▶ **PROBLEM STATEMENT**
Would you transcribe the whole listing exactly, minus its pictures?
SOURCE DATA section start
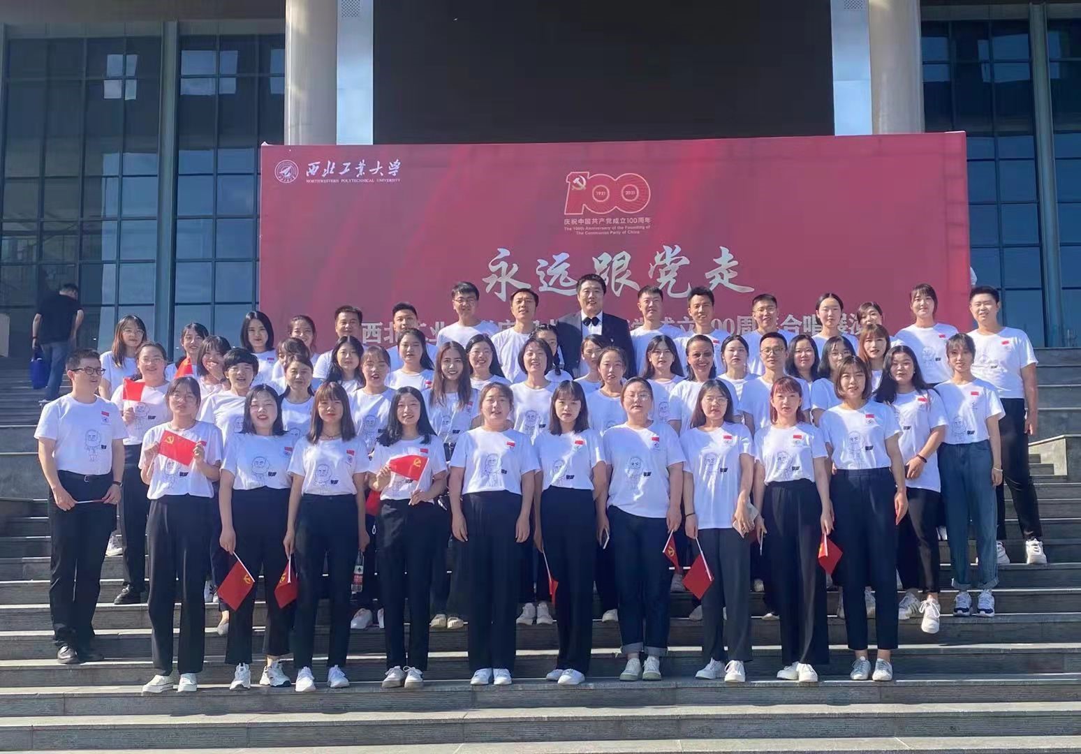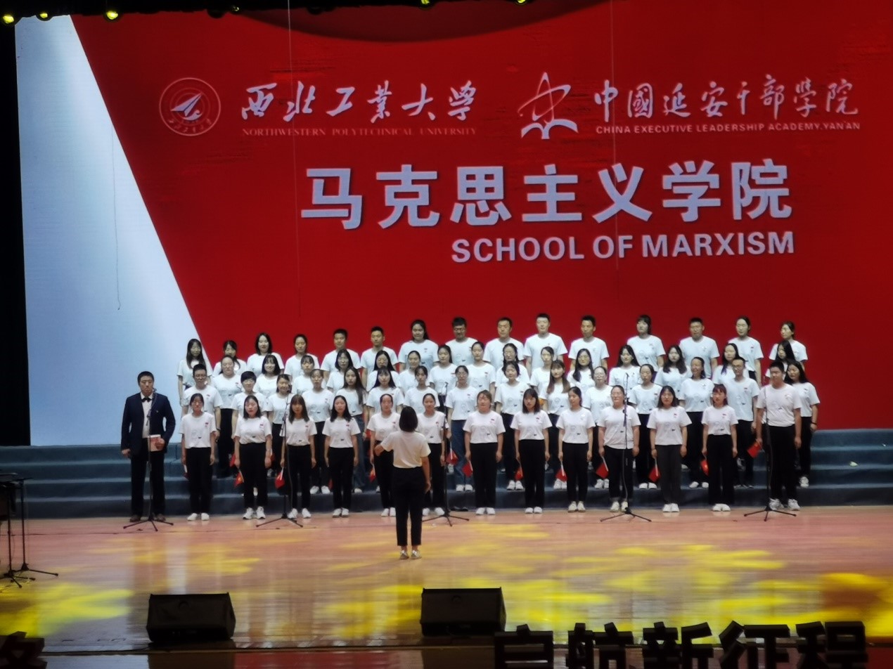 党委领衔,近百名学院师生组成合唱团,统一身着定制文化衫,手拿党旗,歌唱祖国《走向复兴》。在歌声响起前,学院还特别设计了朗诵《共产党宣言》的环节,以此来铭记共产党人的初心。
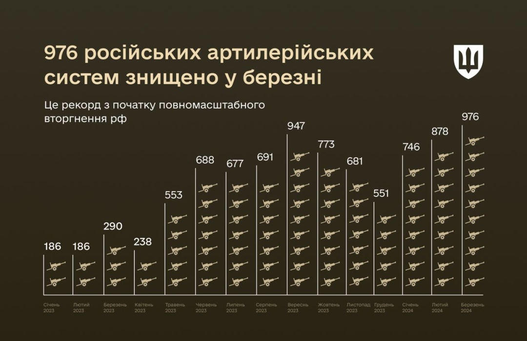 «У березні 2024 року Сили оборони України знищили 976 російських артилерійських систем. Це – найвищий показник за один місяць від початку повномасштабного вторгнення», – йдеться в повідомленні.
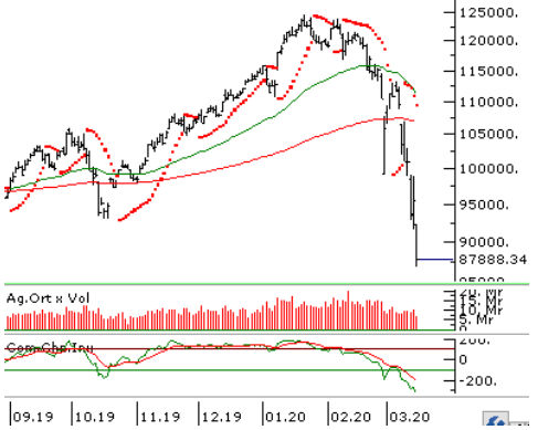BİST100 endeksi koronavirüs korkusuyla günü %8,07 oranında düşüşle 87.888 seviyesinden kapattı.
SOURCE DATA section end
▶ **OUTPUT FOR THIS EXERCISE**
 党委领衔,近百名学院师生组成合唱团,统一身着定制文化衫,手拿党旗,歌唱祖国《走向复兴》。在歌声响起前,学院还特别设计了朗诵《共产党宣言》的环节,以此来铭记共产党人的初心。
 «У березні 2024 року Сили оборони України знищили 976 російських артилерійських систем. Це – найвищий показник за один місяць від початку повномасштабного вторгнення», – йдеться в повідомленні.
BİST100 endeksi koronavirüs korkusuyla günü %8,07 oranında düşüşle 87.888 seviyesinden kapattı.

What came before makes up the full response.